As 1 or 2% shampoo: Apply on the scalp twice wkly for 2-4 wk. For prophylaxis: As 2% shampoo, use once every 1-2 wk.

Duration of Treatment

Pityriasis versicolor: 1 to 6 weeks
Dermatomycoses: 2 to 8 weeks
Onychomycoses: 1 to 12 months
Mycoses of hair and scalp: 1 to 2 months
Chronic mucocutaneous candidiasis : 1 to 12 months
Oral mycoses: 5 to 10 days
Systemic candidiasis: 1 to 2 months
Paracoccidioidomycosis,histoplasmosis
and other systemic mycosis: 1 month to 2 years

Side Effects

Ketoconazole is very well tolerated. Nausea and itching may occasionally occur. In some patients, an idosyncratic liver reaction may occur (incidence 1 : 10,000).

Toxicity

Symptoms of overdose include acute liver injury, which may include both hepatocellular and cholestatic injury, accompanied by anorexia, fatigue, nausea, and jaundice. In case of overdose, gastric lavage with activated charcoal may be used if within one hour of ketoconazole ingestion otherwise provide supportive care. If the patient shows signs of adrenal insufficiency, administer 100 mg hydrocortisone once together with saline and glucose infusion and monitor the patient closely. Blood pressure and fluid and electrolyte balance should be monitored over the next few days.

The 50% lethal dose for TTO in a rat model is 1.9 to 2.6 mL/kg, and doses ≤1.5 g/kg was associated with ataxia and lethargy. Dermal patches containing 10% of tea tree oil was not associated with any irritant reactions. Topically-applied tea tree oil rarely causes systemic toxicity . Dermal application of approximately 120 ml of undiluted tea tree oil to three cats with shaved but intact skin resulted in symptoms of hypothermia, uncoordination, dehydration, and trembling and in the death of one of the cats .

According to the Toxnet database of the U.S. National Library of Medicine, the oral LD50 for zinc is close to 3 g/kg body weight, more than 10-fold higher than cadmium and 50-fold higher than mercury .

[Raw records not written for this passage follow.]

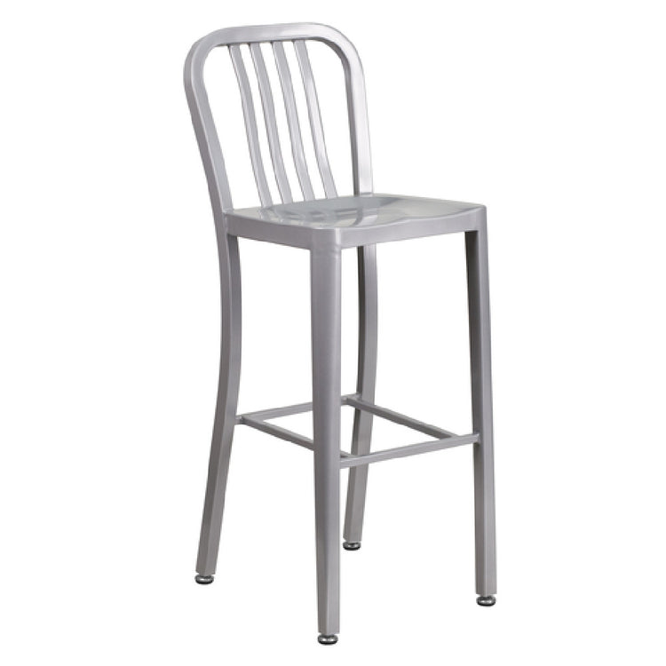 The Flash Furniture CH-61200-30-SIL-GG Bar Stool is a robust commercial-grade seating solution designed for demanding indoor and outdoor environments. Crafted from galvanized steel with a durable powder coat finish, this outdoor bar stool supports a high weight capacity of 500 pounds, making it ideal for high-traffic hospitality, restaurant, and bar settings. Its vertical slat back provides ergonomic support, while the armless design enhances maneuverability in tight spaces. With a height of 43 inches, width of 15.5 inches, and depth of 20 inches, this stool offers a balanced combination of stability and space efficiency, suitable for both casual dining and upscale bar areas. Its technical features cater to professional foodservice operations requiring long-lasting, maintenance-friendly outdoor seating with superior load capacity and corrosion resistance.
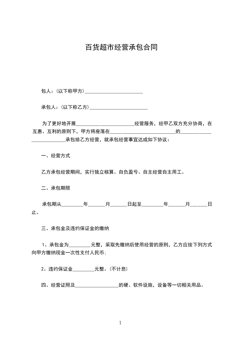 1、乙方应按约定及时足额缴纳经营承包金及违约保证金。
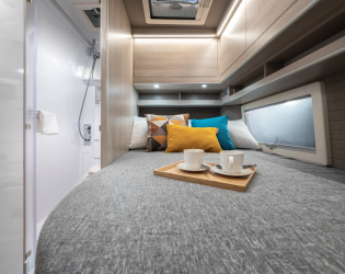 - Obszerne schowki górne, szafa na ubrania, głębokie szuflady, 90-cio litrowa lodówka i pojemny schowek pod łóżkiem, w połączeniu ze stosunkowo dużym bagażnikiem, zapewniają wystarczającą ilość miejsca na rzeczy potrzebne w podróży.

The LD50 values of several zinc compounds (ranging from 186 to 623 mg zinc/kg/day) have been measured in rats and mice .

Precaution

Predisposition to adrenocortical insufficiency. Admin with acidic drink in patients with achlorhydria. Pregnancy and lactation.

Interaction

Reduced absorption with antimuscarinics, antacids, H2-blockers, PPIs and sucralfate. Reduced plasma concentrations with rifampicin, isoniazid, efavirenz, nevirapine, phenytoin. May also reduce concentrations of isoniazid and rifampicin. May reduce efficacy of oral contraceptives. May increase serum levels of CYP3A4 substrates e.g. digoxin, oral anticoagulants, sildenafil, tacrolimus.

Volume of Distribution

Ketoconazole has an estimated volume of distribution of 25.41 L or 0.36 L/kg. It distributes widely among the tissues, reaching effective concentrations in the skin, tendons, tears, and saliva. Distribution to vaginal tissue produces concentrations 2.4 times lower than plasma. Penetration into the CNS, bone, and seminal fluid are minimal. Ketoconazole has been found to enter the breast milk and cross the placenta in animal studies.